To do:
Look below for the line with "こちらは少し長い期間で実施さ"; begin the copy there and stop after the line with "Im Anschluss erfolgte", keeping the text exact and the pictures out.

Dataset records:
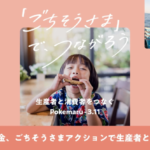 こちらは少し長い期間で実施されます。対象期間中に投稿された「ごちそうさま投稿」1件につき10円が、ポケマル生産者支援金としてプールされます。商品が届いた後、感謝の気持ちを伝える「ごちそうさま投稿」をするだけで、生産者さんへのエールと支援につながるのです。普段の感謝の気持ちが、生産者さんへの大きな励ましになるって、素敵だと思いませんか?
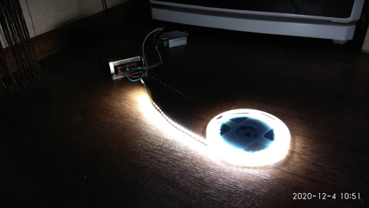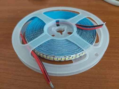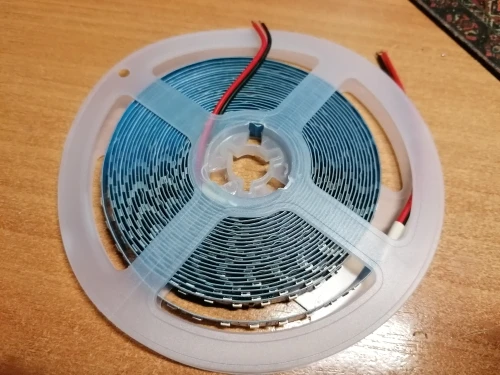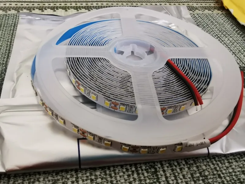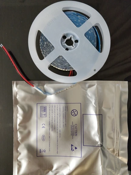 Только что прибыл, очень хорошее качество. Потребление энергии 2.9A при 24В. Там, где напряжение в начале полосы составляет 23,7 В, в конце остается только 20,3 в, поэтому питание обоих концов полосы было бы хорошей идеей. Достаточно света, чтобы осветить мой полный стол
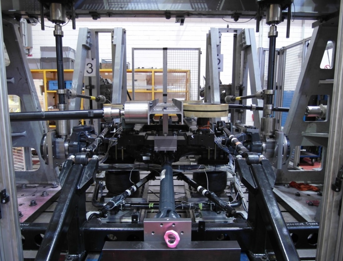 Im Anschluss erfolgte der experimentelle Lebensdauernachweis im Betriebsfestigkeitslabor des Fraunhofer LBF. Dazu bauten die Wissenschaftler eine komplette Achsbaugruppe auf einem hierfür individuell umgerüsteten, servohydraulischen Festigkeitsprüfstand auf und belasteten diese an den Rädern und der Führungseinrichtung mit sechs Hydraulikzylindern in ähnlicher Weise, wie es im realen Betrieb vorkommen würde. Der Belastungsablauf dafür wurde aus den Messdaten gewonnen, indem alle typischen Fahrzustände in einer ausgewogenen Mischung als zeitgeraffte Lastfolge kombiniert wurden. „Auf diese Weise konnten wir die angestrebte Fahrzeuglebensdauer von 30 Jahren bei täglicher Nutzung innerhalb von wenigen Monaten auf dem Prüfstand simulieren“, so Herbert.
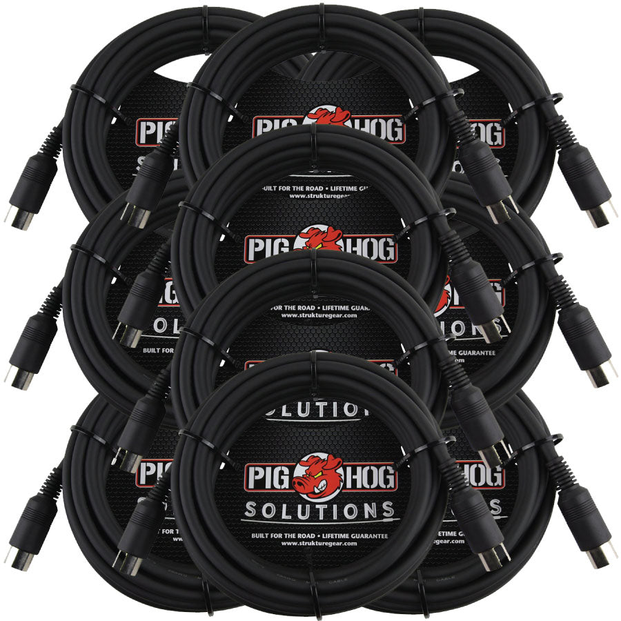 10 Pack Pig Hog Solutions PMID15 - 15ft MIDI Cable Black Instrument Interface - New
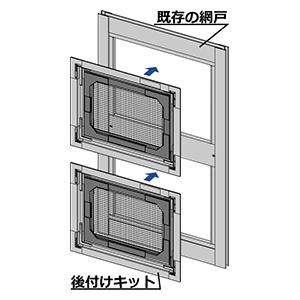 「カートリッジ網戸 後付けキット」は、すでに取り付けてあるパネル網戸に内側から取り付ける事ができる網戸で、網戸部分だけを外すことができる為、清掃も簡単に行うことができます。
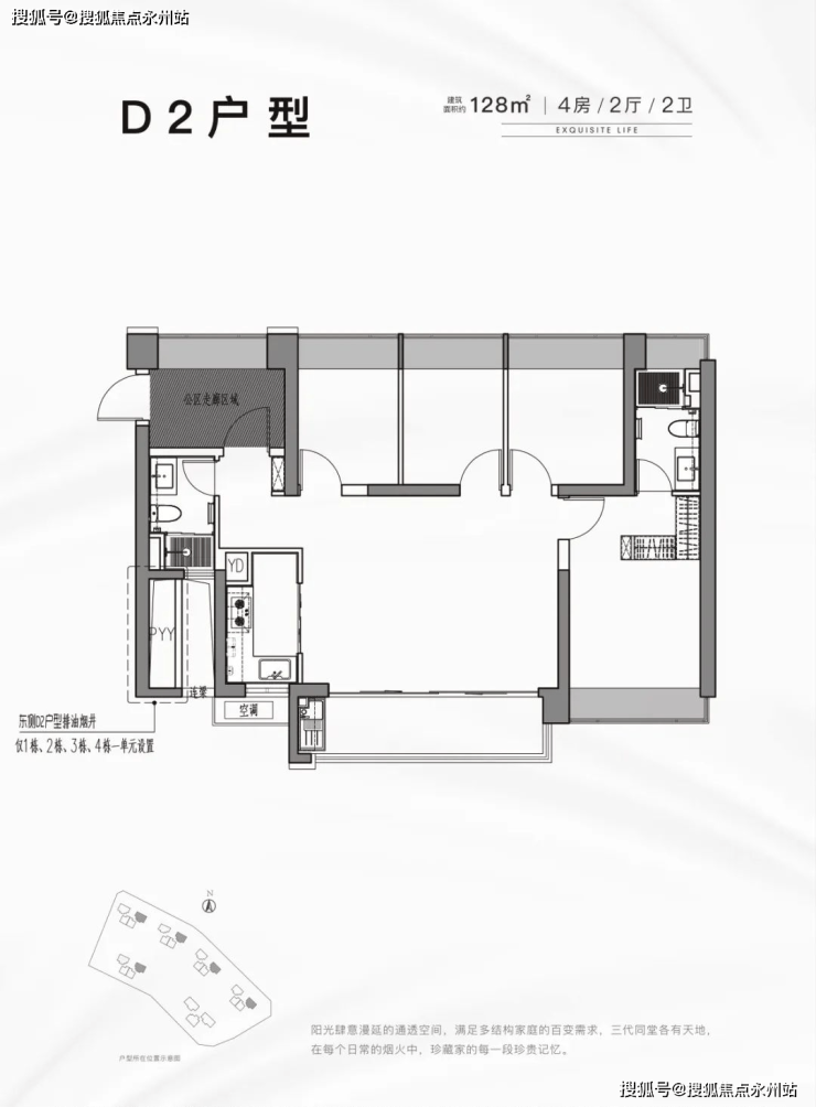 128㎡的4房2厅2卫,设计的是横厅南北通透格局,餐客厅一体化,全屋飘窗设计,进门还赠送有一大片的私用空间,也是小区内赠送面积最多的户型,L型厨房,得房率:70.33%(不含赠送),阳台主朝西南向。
---
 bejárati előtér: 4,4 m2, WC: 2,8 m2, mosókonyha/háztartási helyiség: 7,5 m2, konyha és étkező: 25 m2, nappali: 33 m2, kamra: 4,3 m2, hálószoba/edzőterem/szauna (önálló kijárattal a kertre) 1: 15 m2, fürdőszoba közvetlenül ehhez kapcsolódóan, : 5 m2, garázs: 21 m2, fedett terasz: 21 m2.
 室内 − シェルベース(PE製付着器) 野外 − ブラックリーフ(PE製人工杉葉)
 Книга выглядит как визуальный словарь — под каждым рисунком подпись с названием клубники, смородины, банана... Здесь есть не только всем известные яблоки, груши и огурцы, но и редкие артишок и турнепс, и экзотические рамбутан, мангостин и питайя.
...
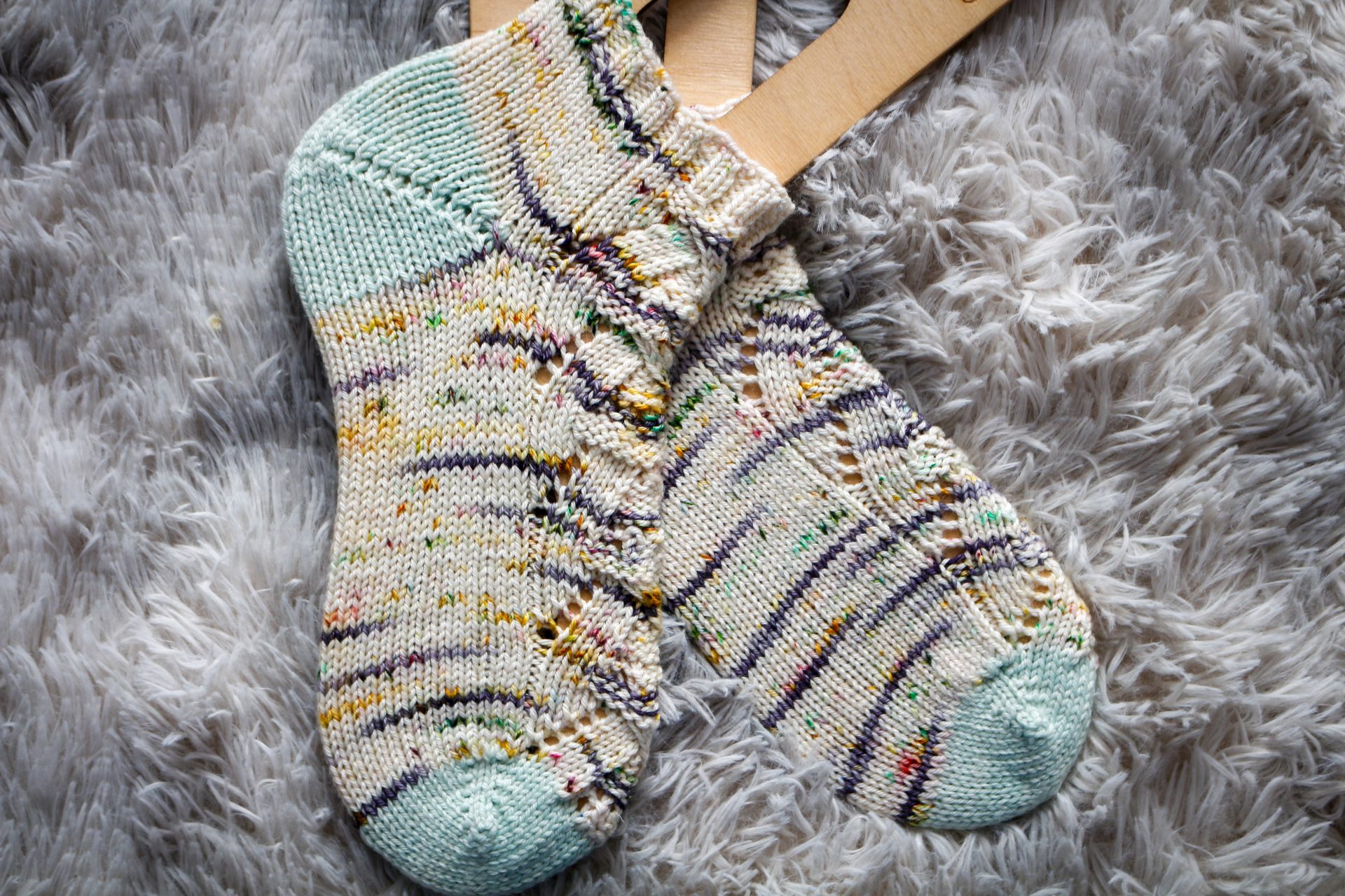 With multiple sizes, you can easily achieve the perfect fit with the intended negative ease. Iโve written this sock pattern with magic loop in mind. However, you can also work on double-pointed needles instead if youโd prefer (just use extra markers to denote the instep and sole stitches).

Exercise answer:
 こちらは少し長い期間で実施されます。対象期間中に投稿された「ごちそうさま投稿」1件につき10円が、ポケマル生産者支援金としてプールされます。商品が届いた後、感謝の気持ちを伝える「ごちそうさま投稿」をするだけで、生産者さんへのエールと支援につながるのです。普段の感謝の気持ちが、生産者さんへの大きな励ましになるって、素敵だと思いませんか?
 Только что прибыл, очень хорошее качество. Потребление энергии 2.9A при 24В. Там, где напряжение в начале полосы составляет 23,7 В, в конце остается только 20,3 в, поэтому питание обоих концов полосы было бы хорошей идеей. Достаточно света, чтобы осветить мой полный стол
 Im Anschluss erfolgte der experimentelle Lebensdauernachweis im Betriebsfestigkeitslabor des Fraunhofer LBF. Dazu bauten die Wissenschaftler eine komplette Achsbaugruppe auf einem hierfür individuell umgerüsteten, servohydraulischen Festigkeitsprüfstand auf und belasteten diese an den Rädern und der Führungseinrichtung mit sechs Hydraulikzylindern in ähnlicher Weise, wie es im realen Betrieb vorkommen würde. Der Belastungsablauf dafür wurde aus den Messdaten gewonnen, indem alle typischen Fahrzustände in einer ausgewogenen Mischung als zeitgeraffte Lastfolge kombiniert wurden. „Auf diese Weise konnten wir die angestrebte Fahrzeuglebensdauer von 30 Jahren bei täglicher Nutzung innerhalb von wenigen Monaten auf dem Prüfstand simulieren“, so Herbert.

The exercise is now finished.